In the Casalinaccio section of the city is a temple from which there remain parts of the podium with the characteristic profiles of projecting moldings and fictile decorations analogous to those found on the acropolis. Beside it is one of the oldest basilicas known, probably built at the beginning of the 1st c. B.C. There remain structural parts in opus incertum and the bases of the colonnade. Also inside the city there have been sporadic finds of villas and a monetary treasure from the Imperial period. Outside the city, several tombs have been found at Casalazzaro. A necropolis with painted chambered tombs and a small dromos from the 4th-3d c. B.C. has been discovered to the SW of the city at the place called Valle Guarniera. Recently a Roman hypogeum has been found, which was probably used for cult purposes and reused in mediaeval times. A large villa with massive foundations in squared work, which occupies a level area along the road to the sea, has been discovered.


For bibliography to 1954 see C. Caprino in EAA 1 (1958) 600; A. Andrén, “Scavi e scoperte sull'cropoli di Ardea,” Acta Inst. Rom. R. Sueciae 21 (1961) 1-68; P. C. Sestieri, “Il Museo della Preistoria e Protostoria del Lazio,” Itiner. Mus. Gall. 58 (1964) 23; P. G. Gierow, “The Iron Age Culture of Latium,” Acta Inst. Rom. R. Sueciae 26.1 (1966) 440ff; R. Peroni, “Considerazioni ed ipotesi sul ripostglio di Ardea,” BPI 75 (1966) 176-96; id., “Inventaria Archaeologica,” Italia 4.19 (1967).
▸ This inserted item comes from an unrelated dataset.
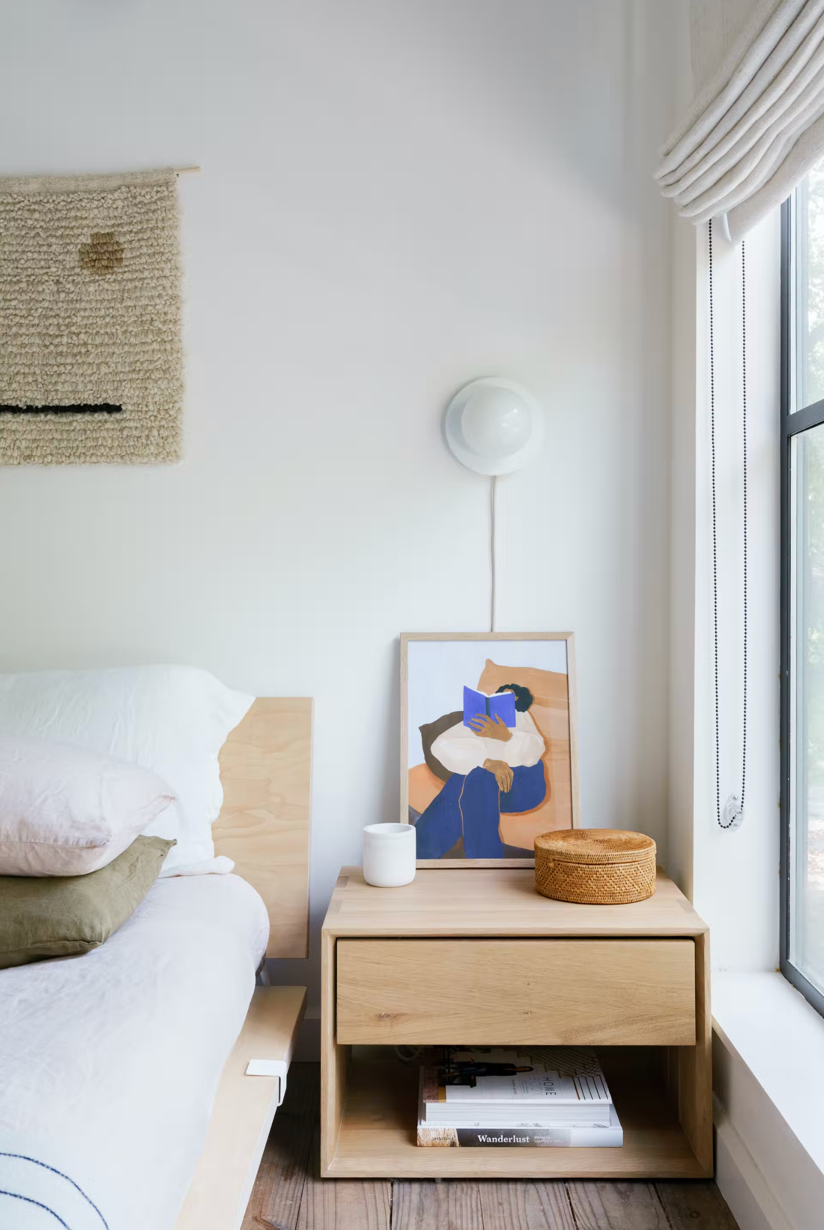 Features one push-open drawer. Made of solid European oak with a hardwax oil finish.

City plan and fortifications: G. Lugli, La tecnica edilizia romana, I (1957) 269f; A. Boëthius, “Le fortificazioni di Ardea,” Acta Inst. Rom. R. Sueciae 22 (1962) 29-43; L. Quilici, “A proposito del secondo aggere di Ardea,” ArchCl 20.1 (1968) 137-40; G. Schmiedt, Atlante aereofotografico della sedi umane in Italia, II (1970) plan 20.

The Temple on Casalinaccio: L. T. Shoe, “Etruscan and Republican Mouldings,” MemAmAcRome 28 (1965) 84ff.

Roads and Monuments outside the City: A. Ferrua, “Oratorio cristiano ipogeo in quel di Ardea,” AttiPontAcc 3.37 (1964-65) 283-306; P. Sommella, “La via Ardentina,” Quad. Ist. Topog. Ant. Univ. Roma, I (1964) 17ff; G. M. De Rossi, Tellenae, Forma Italiae, IV (1967) 128ff.